By the time they reentered, I had managed to crawl over to the tire iron and get hold of it. I pitched the thing at Pat; I missed by a mile. He grabbed me by the shirt front, heaved me off the floor, and stuck his gun in my Adam’s apple. “What did you do with them, Mallory? What did you do with the goddamn keys?”
“I left them with your wife,” I said, “the last time I had her.”
That was not the sanest thing I might’ve said; it got me slapped with the automatic and thrown back to the floor.
“Hey, what he said,” Chet said. “Your wife, you had her listening, right? She had to hear the squeal on the radio, right? She ought to be on her way.”
Meaning Pat had a police-band radio; either at home or rigged up inside his GTO, or both. No big deal; anybody can buy a radio like that—or steal one—and they prove quite useful to guys in Pat’s line of work.
“Let’s hope she beats the cops here,” Pat said.
“Come on,” Chet said. “We’ll head down the hill—that’s the way she’ll be coming.”
“First I ought to shoot that bastard—”
“Never mind him; come on!”
“Mallory,” Pat said, “I ought to blow your head off, you know that? But I’m going to prove something to you. We told you we didn’t mean to off that old broad, told you we weren’t no goddamn murderers, and I’m going to prove we aren’t by letting you keep your goddamn worthless skin. What do you think of that?”
“Will you quit wasting time?” Chet said, and yanked Pat by the arm.
Pat gave me one last foul look, and they left.

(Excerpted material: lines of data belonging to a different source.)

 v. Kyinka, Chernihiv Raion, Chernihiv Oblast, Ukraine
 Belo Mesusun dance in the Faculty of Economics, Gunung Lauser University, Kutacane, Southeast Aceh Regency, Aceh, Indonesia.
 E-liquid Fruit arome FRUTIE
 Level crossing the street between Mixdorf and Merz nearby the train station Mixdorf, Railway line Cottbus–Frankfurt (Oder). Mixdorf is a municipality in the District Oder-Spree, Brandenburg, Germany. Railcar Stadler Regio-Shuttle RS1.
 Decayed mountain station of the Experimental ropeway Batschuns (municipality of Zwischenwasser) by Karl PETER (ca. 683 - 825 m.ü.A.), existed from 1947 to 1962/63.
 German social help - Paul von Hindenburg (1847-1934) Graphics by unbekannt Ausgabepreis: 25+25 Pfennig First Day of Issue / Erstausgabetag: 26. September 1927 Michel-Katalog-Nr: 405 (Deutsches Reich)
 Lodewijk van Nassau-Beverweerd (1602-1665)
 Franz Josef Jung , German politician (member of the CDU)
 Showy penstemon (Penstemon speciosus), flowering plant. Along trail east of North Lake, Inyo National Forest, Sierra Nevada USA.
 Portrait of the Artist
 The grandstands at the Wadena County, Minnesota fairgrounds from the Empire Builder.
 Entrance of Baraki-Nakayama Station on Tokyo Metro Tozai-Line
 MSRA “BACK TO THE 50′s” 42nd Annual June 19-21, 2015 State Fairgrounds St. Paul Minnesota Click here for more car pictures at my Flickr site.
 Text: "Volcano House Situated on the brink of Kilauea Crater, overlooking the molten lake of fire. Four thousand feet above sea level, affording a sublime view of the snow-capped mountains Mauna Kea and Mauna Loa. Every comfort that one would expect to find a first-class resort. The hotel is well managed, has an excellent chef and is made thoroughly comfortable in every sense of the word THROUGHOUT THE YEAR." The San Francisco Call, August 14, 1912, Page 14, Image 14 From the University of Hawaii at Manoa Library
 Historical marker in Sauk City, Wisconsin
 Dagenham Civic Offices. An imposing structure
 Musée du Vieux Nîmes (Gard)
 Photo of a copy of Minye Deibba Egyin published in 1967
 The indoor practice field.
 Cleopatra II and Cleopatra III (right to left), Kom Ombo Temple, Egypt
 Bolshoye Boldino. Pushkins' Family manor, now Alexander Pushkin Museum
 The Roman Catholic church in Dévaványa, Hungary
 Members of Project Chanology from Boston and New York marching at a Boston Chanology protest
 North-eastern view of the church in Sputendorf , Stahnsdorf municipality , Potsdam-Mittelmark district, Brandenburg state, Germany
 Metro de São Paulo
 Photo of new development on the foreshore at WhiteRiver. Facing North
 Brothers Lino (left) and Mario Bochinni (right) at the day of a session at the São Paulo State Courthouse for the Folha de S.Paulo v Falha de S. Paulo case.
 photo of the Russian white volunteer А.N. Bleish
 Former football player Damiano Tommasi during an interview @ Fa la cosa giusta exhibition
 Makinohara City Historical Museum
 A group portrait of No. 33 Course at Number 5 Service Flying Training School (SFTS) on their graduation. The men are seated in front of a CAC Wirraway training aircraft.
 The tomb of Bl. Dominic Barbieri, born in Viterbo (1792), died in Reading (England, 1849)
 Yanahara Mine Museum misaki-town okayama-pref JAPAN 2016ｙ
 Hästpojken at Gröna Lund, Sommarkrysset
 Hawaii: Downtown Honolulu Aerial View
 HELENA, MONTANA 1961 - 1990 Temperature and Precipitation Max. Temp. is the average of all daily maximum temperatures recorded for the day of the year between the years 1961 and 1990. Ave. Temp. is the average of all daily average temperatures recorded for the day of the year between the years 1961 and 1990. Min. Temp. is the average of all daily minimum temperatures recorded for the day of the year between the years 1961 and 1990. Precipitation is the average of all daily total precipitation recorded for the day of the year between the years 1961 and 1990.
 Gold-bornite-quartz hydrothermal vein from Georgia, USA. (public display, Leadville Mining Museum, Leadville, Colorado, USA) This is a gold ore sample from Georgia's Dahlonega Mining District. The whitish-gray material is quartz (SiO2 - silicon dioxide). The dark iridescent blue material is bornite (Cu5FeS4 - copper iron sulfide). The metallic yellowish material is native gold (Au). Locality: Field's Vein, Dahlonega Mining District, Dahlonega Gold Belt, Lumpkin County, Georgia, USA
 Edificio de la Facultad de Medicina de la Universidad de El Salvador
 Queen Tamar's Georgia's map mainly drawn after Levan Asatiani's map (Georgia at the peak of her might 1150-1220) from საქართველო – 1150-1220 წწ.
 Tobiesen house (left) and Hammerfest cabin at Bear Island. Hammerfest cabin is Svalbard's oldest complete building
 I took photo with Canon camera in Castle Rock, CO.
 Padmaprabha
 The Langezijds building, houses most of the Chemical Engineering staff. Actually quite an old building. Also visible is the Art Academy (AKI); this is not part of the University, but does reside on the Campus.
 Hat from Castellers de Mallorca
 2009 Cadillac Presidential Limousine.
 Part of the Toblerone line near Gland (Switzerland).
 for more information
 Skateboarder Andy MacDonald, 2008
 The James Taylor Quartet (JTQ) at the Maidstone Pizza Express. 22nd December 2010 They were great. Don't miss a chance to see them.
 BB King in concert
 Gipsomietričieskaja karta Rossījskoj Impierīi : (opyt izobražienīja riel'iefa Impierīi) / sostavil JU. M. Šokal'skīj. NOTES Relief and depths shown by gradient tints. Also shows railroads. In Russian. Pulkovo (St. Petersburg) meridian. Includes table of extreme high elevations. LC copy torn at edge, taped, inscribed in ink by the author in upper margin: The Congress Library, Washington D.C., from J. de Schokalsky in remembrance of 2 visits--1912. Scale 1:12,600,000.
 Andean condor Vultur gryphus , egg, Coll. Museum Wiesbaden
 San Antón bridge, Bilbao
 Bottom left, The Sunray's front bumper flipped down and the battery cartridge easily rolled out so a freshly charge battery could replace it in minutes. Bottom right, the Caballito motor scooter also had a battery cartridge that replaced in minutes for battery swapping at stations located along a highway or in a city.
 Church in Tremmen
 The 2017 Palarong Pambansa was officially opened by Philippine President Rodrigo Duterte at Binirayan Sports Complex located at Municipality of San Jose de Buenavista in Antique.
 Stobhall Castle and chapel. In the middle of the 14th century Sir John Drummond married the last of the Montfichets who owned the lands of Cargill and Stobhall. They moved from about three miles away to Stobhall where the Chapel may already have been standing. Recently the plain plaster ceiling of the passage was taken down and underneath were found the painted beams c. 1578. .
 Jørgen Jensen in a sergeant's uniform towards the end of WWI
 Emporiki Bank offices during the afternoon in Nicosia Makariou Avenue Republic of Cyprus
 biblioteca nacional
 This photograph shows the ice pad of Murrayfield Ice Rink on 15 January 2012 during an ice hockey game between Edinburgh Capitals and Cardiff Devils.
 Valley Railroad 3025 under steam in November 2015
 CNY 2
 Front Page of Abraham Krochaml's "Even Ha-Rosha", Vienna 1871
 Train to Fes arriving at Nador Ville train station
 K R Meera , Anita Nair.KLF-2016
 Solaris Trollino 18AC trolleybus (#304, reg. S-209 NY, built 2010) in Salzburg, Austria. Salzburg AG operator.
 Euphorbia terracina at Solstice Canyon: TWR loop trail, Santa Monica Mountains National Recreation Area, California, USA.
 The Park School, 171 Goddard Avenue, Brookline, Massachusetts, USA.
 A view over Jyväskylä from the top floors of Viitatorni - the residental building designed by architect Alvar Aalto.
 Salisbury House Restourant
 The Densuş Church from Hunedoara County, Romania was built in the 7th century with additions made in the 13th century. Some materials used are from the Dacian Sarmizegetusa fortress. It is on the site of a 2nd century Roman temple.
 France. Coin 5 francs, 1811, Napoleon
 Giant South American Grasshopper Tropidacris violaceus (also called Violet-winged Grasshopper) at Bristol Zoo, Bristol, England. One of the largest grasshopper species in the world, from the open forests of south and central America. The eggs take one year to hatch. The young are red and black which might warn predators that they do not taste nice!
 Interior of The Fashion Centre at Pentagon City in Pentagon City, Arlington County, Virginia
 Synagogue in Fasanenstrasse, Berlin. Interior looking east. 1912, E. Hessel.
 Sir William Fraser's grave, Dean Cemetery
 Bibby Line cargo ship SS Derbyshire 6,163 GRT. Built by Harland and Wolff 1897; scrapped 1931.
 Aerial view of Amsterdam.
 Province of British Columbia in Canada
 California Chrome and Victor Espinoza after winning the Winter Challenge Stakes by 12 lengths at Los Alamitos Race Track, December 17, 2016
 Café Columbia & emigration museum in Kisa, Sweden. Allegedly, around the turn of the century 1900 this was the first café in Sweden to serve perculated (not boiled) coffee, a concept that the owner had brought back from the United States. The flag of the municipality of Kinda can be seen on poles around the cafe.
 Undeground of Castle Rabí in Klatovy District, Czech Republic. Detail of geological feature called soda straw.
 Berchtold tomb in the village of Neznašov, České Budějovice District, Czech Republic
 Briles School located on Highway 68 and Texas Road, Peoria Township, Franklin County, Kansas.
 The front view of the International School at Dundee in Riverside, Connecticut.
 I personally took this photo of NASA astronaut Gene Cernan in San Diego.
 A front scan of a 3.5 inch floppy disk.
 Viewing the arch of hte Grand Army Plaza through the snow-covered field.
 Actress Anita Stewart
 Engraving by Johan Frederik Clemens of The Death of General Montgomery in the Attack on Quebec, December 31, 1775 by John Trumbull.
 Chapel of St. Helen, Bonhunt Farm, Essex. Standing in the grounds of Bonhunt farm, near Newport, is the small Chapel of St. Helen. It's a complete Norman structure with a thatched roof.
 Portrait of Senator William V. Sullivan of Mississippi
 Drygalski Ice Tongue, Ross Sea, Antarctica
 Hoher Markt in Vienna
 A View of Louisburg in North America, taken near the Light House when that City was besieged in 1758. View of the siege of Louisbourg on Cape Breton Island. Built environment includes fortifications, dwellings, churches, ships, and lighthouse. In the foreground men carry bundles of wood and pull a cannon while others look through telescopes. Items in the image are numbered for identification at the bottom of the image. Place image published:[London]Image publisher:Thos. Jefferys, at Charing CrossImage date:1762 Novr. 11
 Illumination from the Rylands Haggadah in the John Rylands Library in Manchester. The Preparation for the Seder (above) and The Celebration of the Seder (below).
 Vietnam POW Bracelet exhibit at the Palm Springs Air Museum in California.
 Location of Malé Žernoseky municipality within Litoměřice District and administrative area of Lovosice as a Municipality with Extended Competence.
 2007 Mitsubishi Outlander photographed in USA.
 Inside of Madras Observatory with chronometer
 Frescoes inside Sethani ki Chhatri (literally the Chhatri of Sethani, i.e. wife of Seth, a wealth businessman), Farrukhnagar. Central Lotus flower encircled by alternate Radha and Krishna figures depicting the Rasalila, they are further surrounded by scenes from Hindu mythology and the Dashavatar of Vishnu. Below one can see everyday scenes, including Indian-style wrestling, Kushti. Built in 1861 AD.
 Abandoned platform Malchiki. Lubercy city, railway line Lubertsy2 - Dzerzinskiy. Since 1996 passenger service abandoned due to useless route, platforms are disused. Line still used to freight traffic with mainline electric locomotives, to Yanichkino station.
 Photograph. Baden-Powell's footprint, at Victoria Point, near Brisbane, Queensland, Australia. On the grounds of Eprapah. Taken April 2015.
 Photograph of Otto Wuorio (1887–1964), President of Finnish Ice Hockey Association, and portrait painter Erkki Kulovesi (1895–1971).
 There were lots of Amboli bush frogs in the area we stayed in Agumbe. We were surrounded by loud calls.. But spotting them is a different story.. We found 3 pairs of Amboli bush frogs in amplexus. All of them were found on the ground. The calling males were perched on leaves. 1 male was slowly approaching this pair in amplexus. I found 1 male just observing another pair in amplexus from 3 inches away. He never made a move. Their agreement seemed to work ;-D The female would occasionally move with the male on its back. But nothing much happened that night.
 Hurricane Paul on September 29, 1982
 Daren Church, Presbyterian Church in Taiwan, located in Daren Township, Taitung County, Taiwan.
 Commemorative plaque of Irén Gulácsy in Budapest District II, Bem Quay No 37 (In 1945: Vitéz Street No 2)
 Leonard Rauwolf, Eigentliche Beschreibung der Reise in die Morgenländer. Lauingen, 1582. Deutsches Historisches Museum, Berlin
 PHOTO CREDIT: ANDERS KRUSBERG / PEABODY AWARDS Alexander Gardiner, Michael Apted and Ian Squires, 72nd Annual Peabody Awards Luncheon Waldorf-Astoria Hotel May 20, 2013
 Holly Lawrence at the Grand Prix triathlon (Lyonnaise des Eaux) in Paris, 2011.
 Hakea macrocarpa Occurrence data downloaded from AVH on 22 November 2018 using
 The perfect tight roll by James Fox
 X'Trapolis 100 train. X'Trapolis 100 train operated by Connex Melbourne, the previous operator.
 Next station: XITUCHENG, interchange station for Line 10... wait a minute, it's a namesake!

I pushed up on my hands, then hands and knees, and then got on my feet. My legs were wobbly and my vision blurry, but I managed to navigate myself toward the door, and finally I was down the steps and outside, leaning against the van. Half a block away, Pat Nelson and Chet Richards were jogging, jogging easy toward the red-white-and-blue GTO double-parked across the street. I don’t have to tell you who was behind the wheel. Debbie’s apartment was only a few blocks away, and so of course she beat the police here. A wave of helplessness washed through me; she and Pat and Chet would get away clean now, wouldn’t they? Some goddamn cavalry I was.